**Work instruction**
Below is a listing with pictures. Repeat exactly the lines starting at the one holding "Поранених на ньому" and going on through the one holding "大果榕是桑科榕属的小乔木,株", and leave every picture out.

**Given records**
%%
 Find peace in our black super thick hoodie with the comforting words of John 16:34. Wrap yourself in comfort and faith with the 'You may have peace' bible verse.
%%
%%
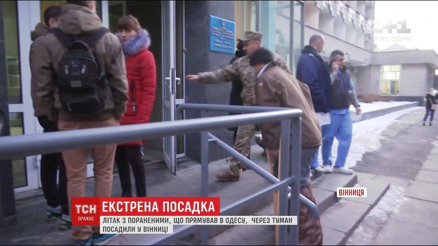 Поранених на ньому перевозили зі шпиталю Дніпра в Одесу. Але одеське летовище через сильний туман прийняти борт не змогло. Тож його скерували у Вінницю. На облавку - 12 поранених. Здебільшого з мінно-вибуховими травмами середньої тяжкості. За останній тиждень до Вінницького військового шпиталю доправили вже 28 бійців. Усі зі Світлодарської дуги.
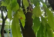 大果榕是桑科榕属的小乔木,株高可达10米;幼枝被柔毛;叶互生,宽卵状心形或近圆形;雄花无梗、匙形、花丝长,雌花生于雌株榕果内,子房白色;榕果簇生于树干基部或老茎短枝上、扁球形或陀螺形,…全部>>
%%
**Your response**
 Поранених на ньому перевозили зі шпиталю Дніпра в Одесу. Але одеське летовище через сильний туман прийняти борт не змогло. Тож його скерували у Вінницю. На облавку - 12 поранених. Здебільшого з мінно-вибуховими травмами середньої тяжкості. За останній тиждень до Вінницького військового шпиталю доправили вже 28 бійців. Усі зі Світлодарської дуги.
 大果榕是桑科榕属的小乔木,株高可达10米;幼枝被柔毛;叶互生,宽卵状心形或近圆形;雄花无梗、匙形、花丝长,雌花生于雌株榕果内,子房白色;榕果簇生于树干基部或老茎短枝上、扁球形或陀螺形,…全部>>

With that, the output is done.